* _TASK DETAILS_: From the data below, return only the lines from the one with "4 PCS Glass" through the one with "Ti offriamo una", exact and inclusive, with pictures left out.

* _DATASET_:

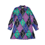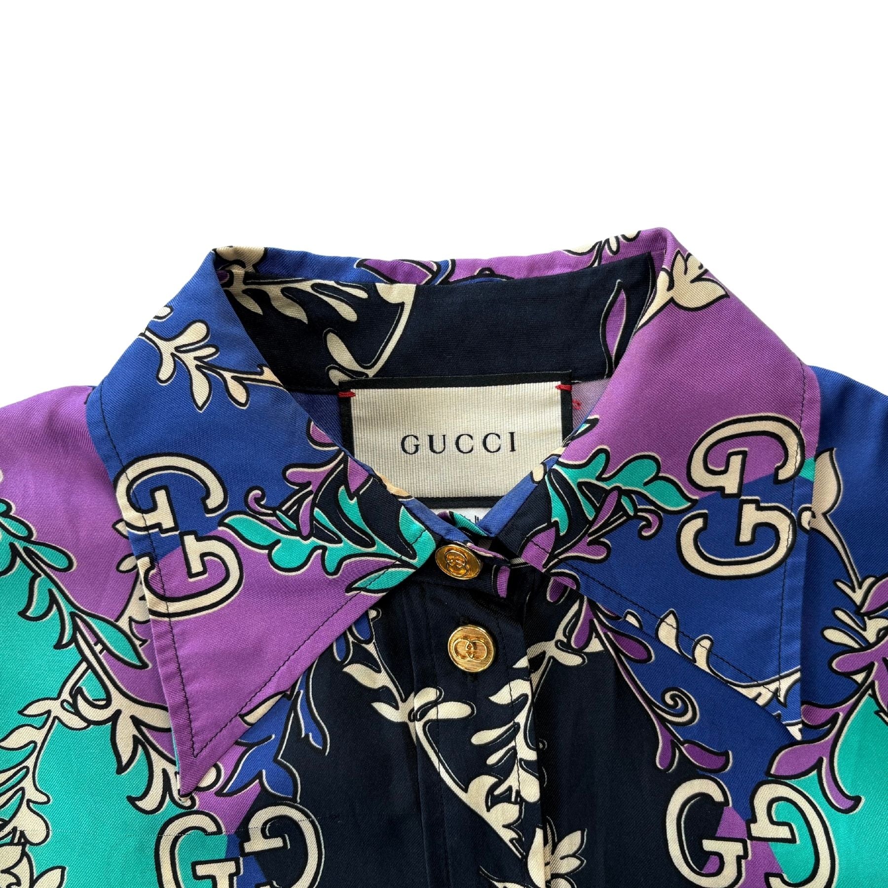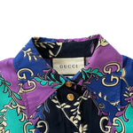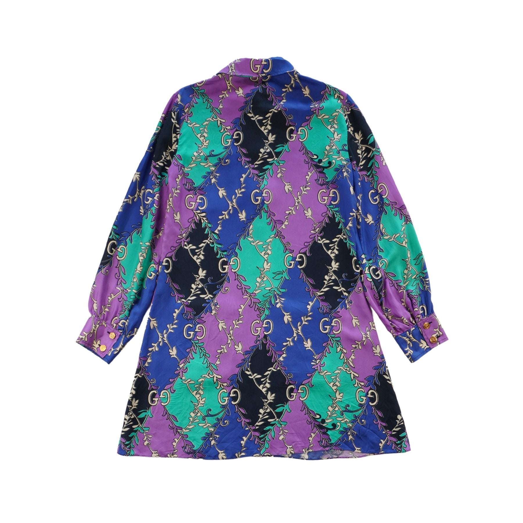 Gucci shirt dress in blue, purple and green rhombus diamond printed silk with an al-over GG logo print and interlocking GG button closure.
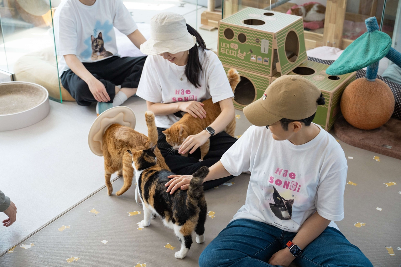 | 토스뱅크 임직원들이 동물 보호소에서 고양이들을 돌보고 있다. [토스뱅크 제공] |
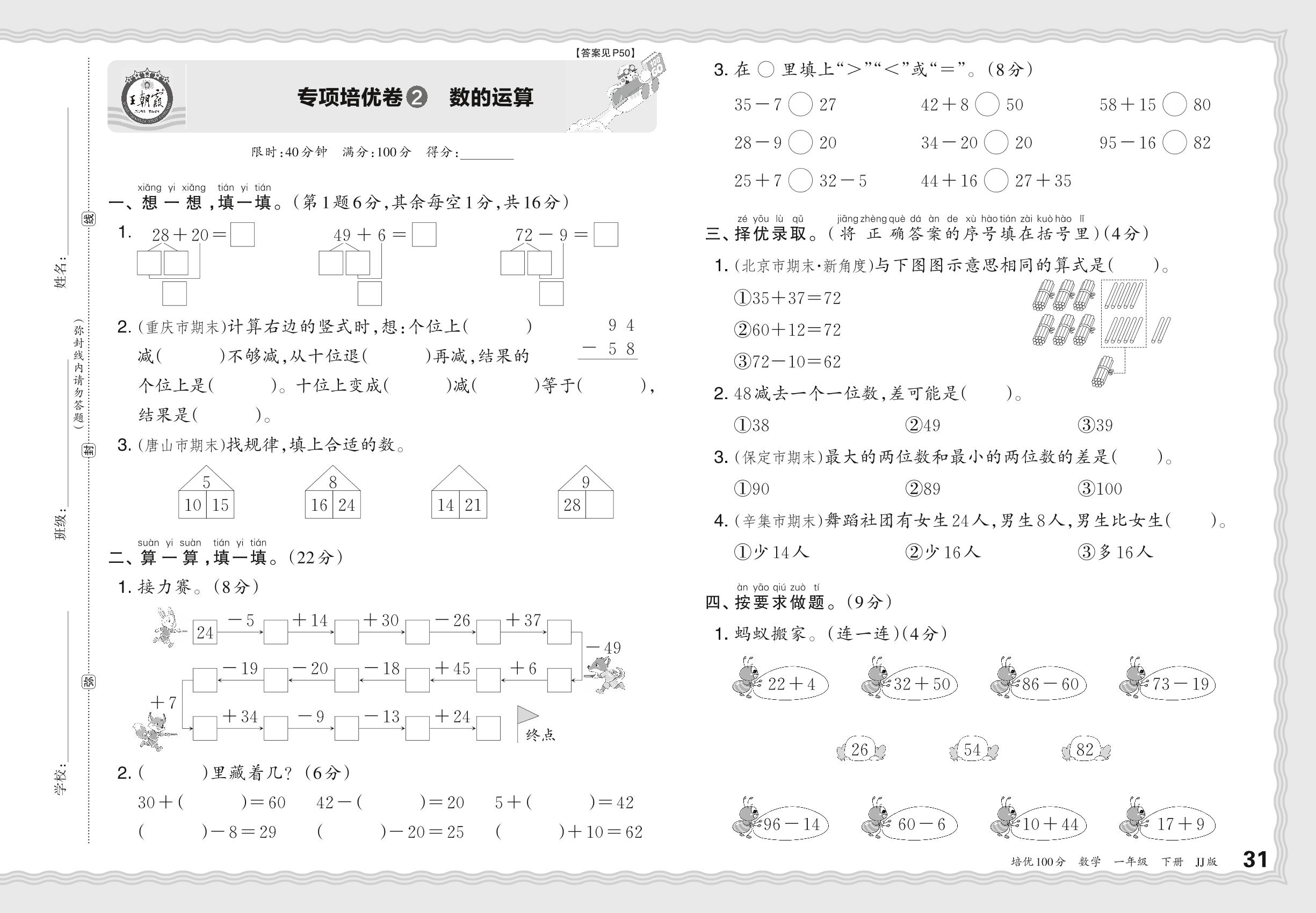 2024春下册一年级数学冀教版 期末专项卷PY版·数的运算【2】
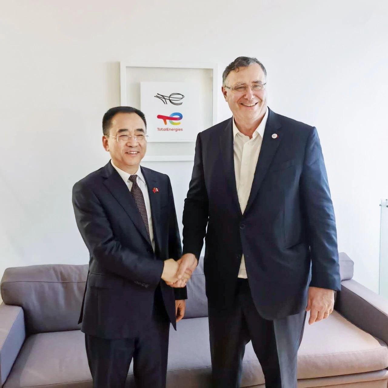 當(dāng)日下午,鄒磊在巴黎與道達(dá)爾能源集團董事長兼首席執(zhí)行官潘彥磊就加強合作進行了友好交流。
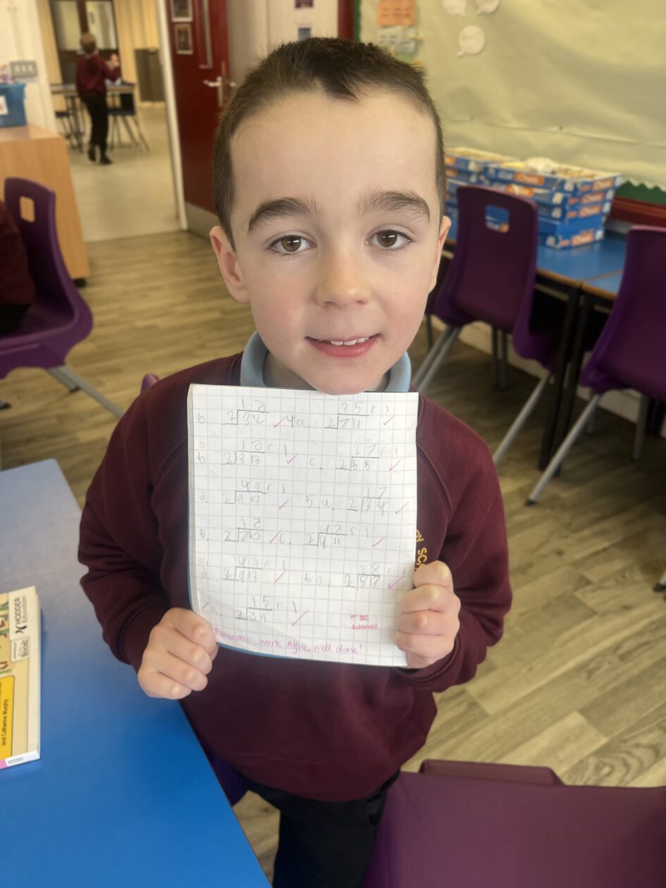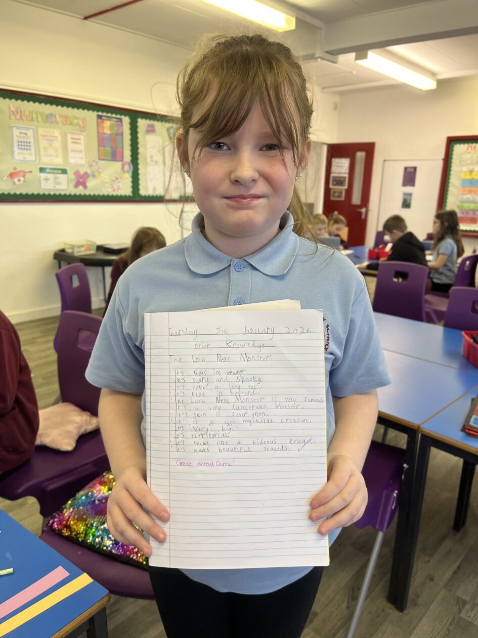 In numeracy we have been beginning to learn how to divide with remainders. In literacy we have been using interesting vocabulary to write a description of the Loch Ness Monster. We have been learning lots of interesting facts about Scotland and have started our new science topic learning about the Human Body. In French we have been learning to say the months of the year and to say when our birthday is.
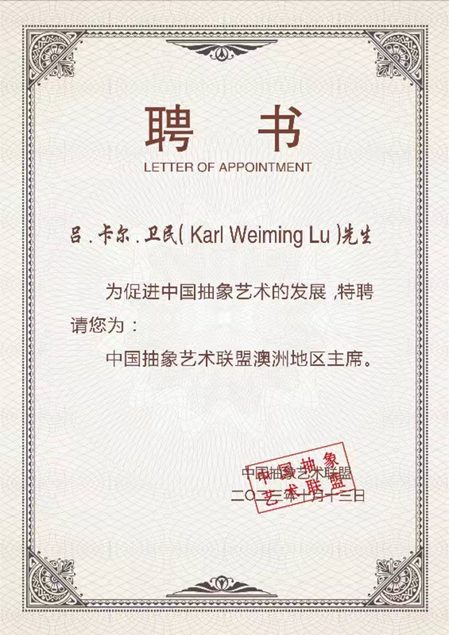 當代科技哲學藝術家呂.卡爾.衞民當選中國抽象藝術聯盟澳洲地區主席
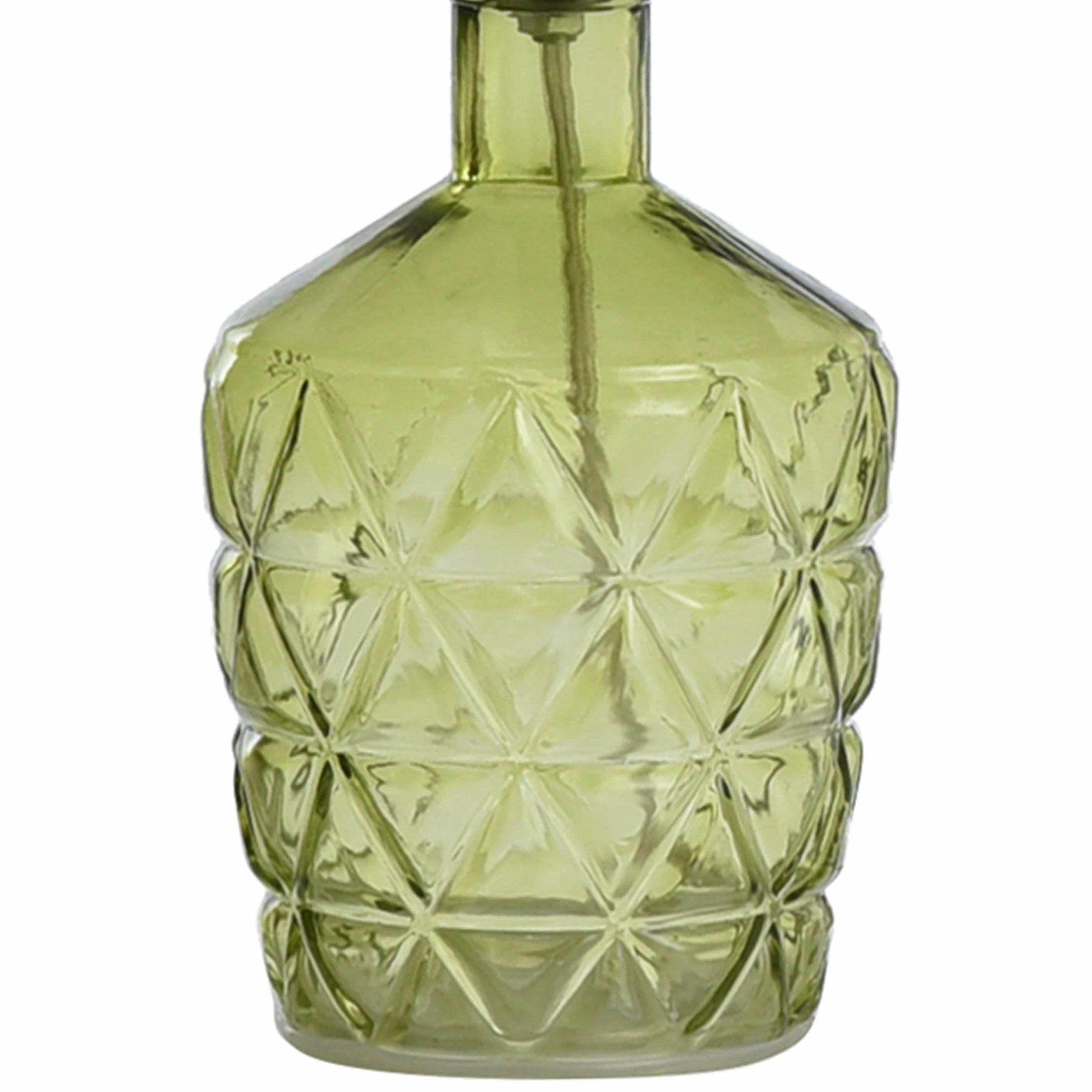 This glass table lamp showcases an open bottom design with textured detail. Its translucent green body is perfectly paired with a brown shade, elevating the breezy casualness of this beauty. It’s ideal for an airy, light-filled beach house or vacation home.
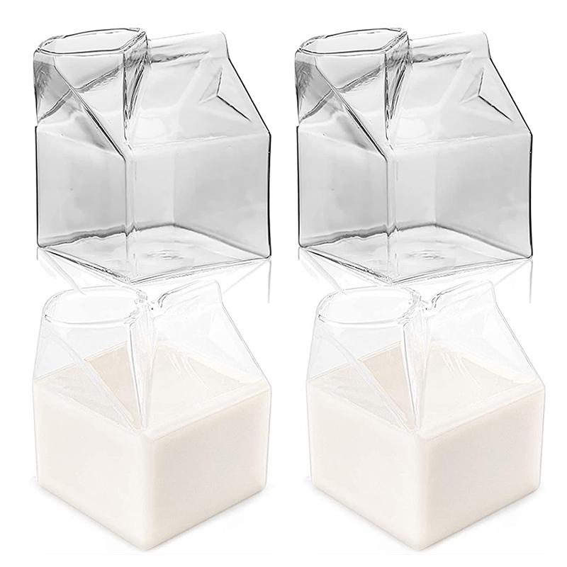 4 PCS Glass Milk Carton, Clear Square Mini Cup Cocktail Glass for Milk, Coffee, Water, Juice, Beverages
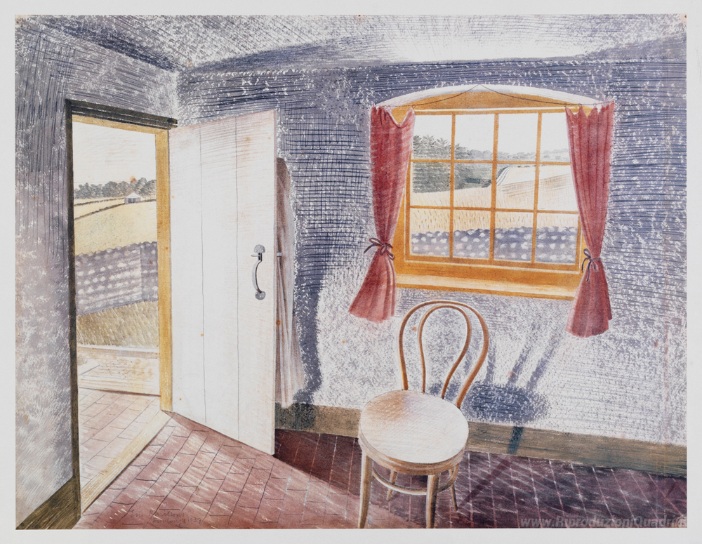 Ti offriamo una riproduzione artigianale su tela dell'opera famosa 'Interna a Furlongs' di Eric Ravilious, dal Museo delle Riproduzioni.
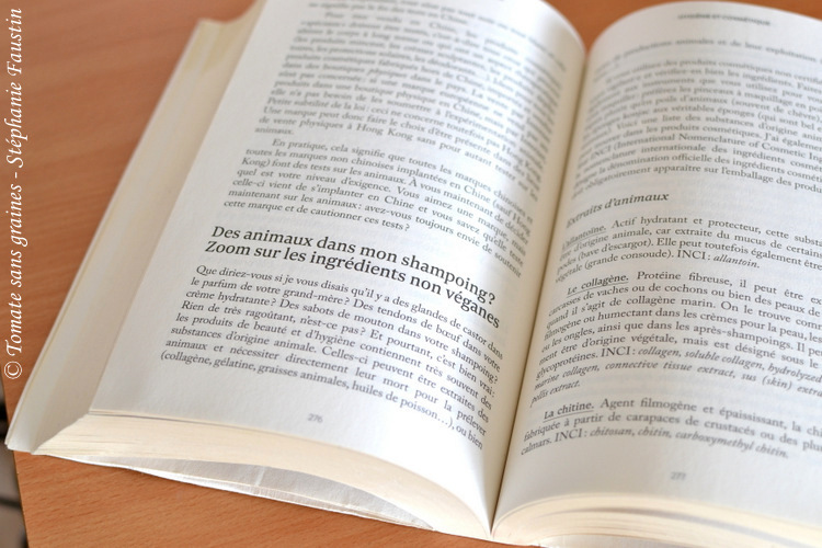 Cet ouvrage aborde tous les aspects du véganisme : nutrition et santé (alimentation, carences, compléments alimentaires…), éthique (animale, sociétale, environnementale…), exploitation et souffrance animale, industrie de la laine, du cuir, zoos, cosmétiques, marques de chaussures véganes, explication des labels existants… absolument TOUT ce qui a trait à l’exploitation animale est passé au peigne fin. Même la question des tatouages ! C’est dire si Ophélie est allée loin dans ses recherches ! Elle vous prend par la main, avec bienveillance, vous indiquant par exemple de manière précise comment remplacer les œufs ou la crème fraîche au cas par cas en cuisine, par quoi remplacer le cuir ou encore quelle méthode privilégier pour devenir végane. Elle ne vous lâche pas jusqu’à la fin. Mais elle est aussi très crue dans ses propos, comme vous allez le voir ci-après. Elle nous dévoile sans ambages l’horreur du commerce de la fourrure, du dépeçage des animaux encore vivants ou encore des électrocutions anales ou génitales pratiquées.

* _SOLUTION TO THIS EXERCISE_:
 4 PCS Glass Milk Carton, Clear Square Mini Cup Cocktail Glass for Milk, Coffee, Water, Juice, Beverages
 Ti offriamo una riproduzione artigianale su tela dell'opera famosa 'Interna a Furlongs' di Eric Ravilious, dal Museo delle Riproduzioni.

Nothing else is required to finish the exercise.